The more than $1 trillion infrastructure package would require that alcohol monitors be installed in all new cars.
If the driver has a higher than 0.08 blood alcohol concentration, the car’s system would “prevent or limit motor vehicle operation.” It isn’t clear whether the detection system would have to be a breathalyzer, which requires a driver to blow into a device, or something else.
Mothers Against Drunk Driving (MADD) recommends that cars have a “driver monitoring system,” including “touch-based systems that can read your blood alcohol concentration through your fingertips and air-sampling systems that can test and isolate just the air exhaled by the driver,” according to a report from the group.

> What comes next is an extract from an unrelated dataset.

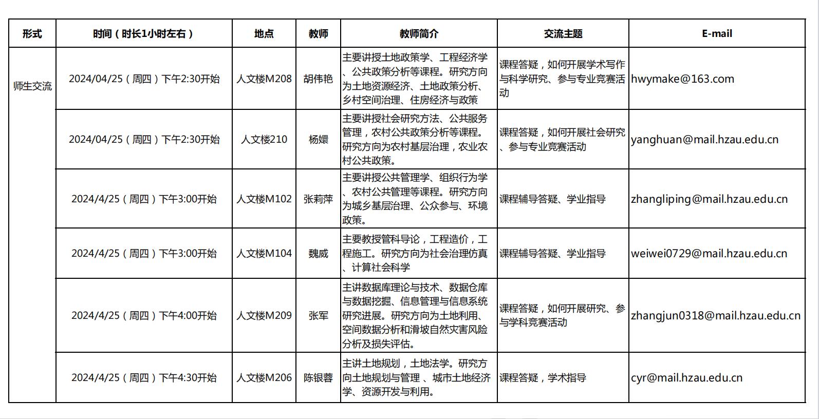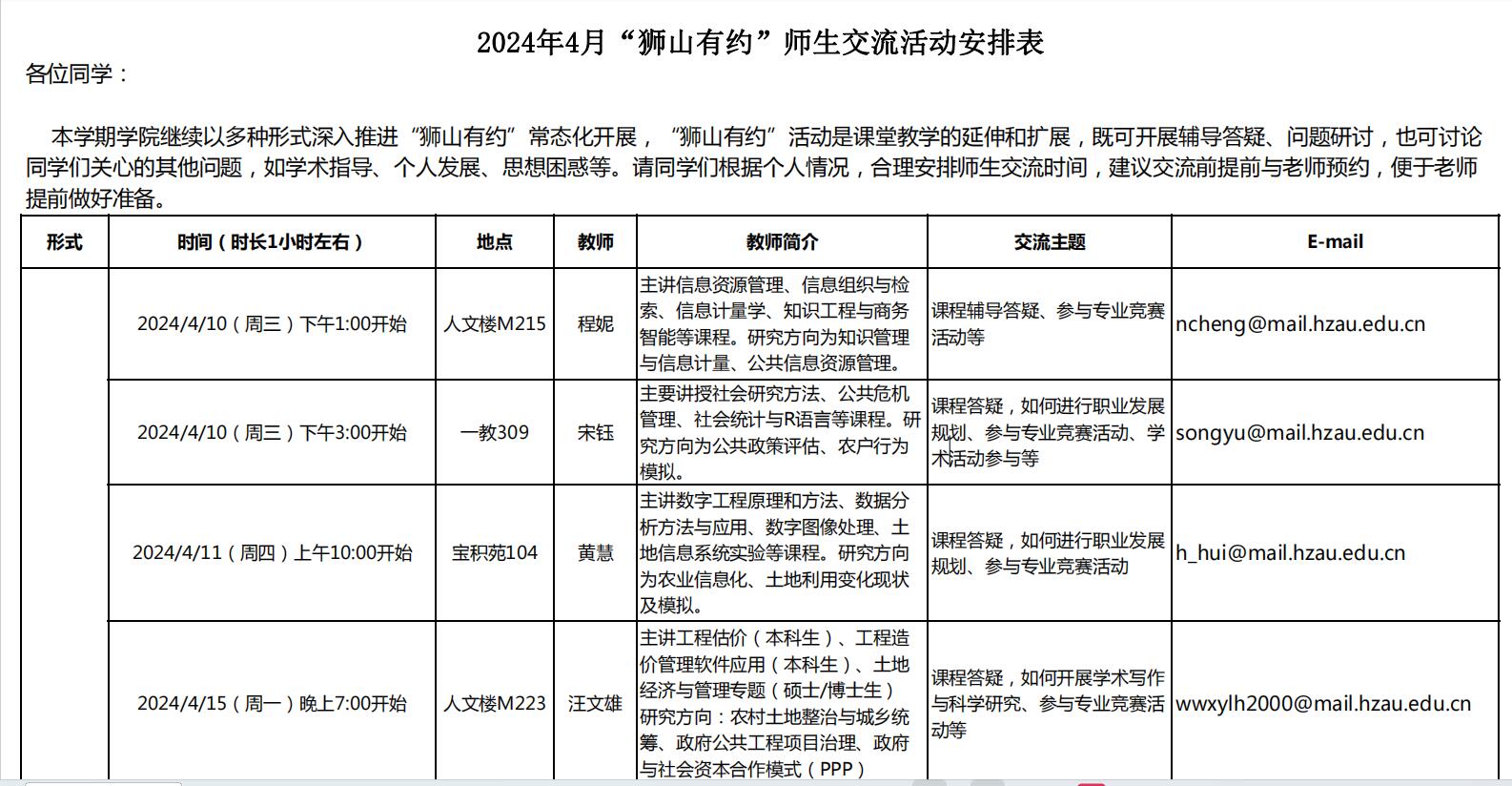 各位同学: 本学期雷速比分网 继续以多种形式深入推进“狮山有约”常态化开展,“狮山有约”活动是课堂教学的延伸和扩展,既可开展辅导答疑、问题研讨,也可讨论同学们关心的其他问题,如学术指导、个人发展、思想困惑等。请同学们根据个人情况,合理安排师生交流时间,建议交流前提前与老师预约,便于老师提前做好准备。

Some convicted drunk drivers are required to use devices attached to an ignition interlock before starting their vehicles.

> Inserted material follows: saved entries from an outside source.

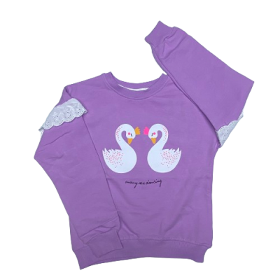 1668 OMUZ DANTEL FIRFIRLI KUGU BASKILI SWEAT 1-4 YAS
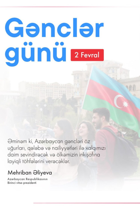 Birinci vitse-prezident Mehriban Əliyeva 2 Fevral - Azərbaycan Gəncləri Günü münasibətilə rəsmi "Instagram" hesabında paylaşım edib.
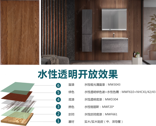 本工艺底漆、面漆分别采用MWD304、MW304*,着色选用水性格丽斯MWF20*和水性色精NHC4*,使用底擦面修工艺,实现色彩均匀、开放自然的板面效果。

The Insurance Institute for Highway Safety (IIHS) said last year in a study that alcohol-detection systems that prevent impaired driving could save upward of 9,000 lives annually.
Drunk driving deaths cost the United States $44 billion in economic costs and $210 billion in comprehensive societal costs annually, according to a 2010 study. U.S. police departments arrest about 1 million people per year for alcohol-impaired driving, IIHS said.
Of the 36,096 traffic fatalities in 2019, an estimated 10,142 people were killed in alcohol-impaired driving crashes, according to federal data.
The infrastructure bill would require the U.S. Transportation Department to set a technology safety standard within three years—and then give automakers at least another two years to comply—as long as new requirements are “reasonable, practicable, and appropriate.”
The bill, which is awaiting a Senate vote, cleared several procedural hurdles in late July. Senate Majority Leader Chuck Schumer (D.-N.Y.) has said that the final vote on the measure could happen this week, although Senate Minority Leader Mitch McConnell (R-Ky.) warned Democrats that he might block the package if it’s rushed.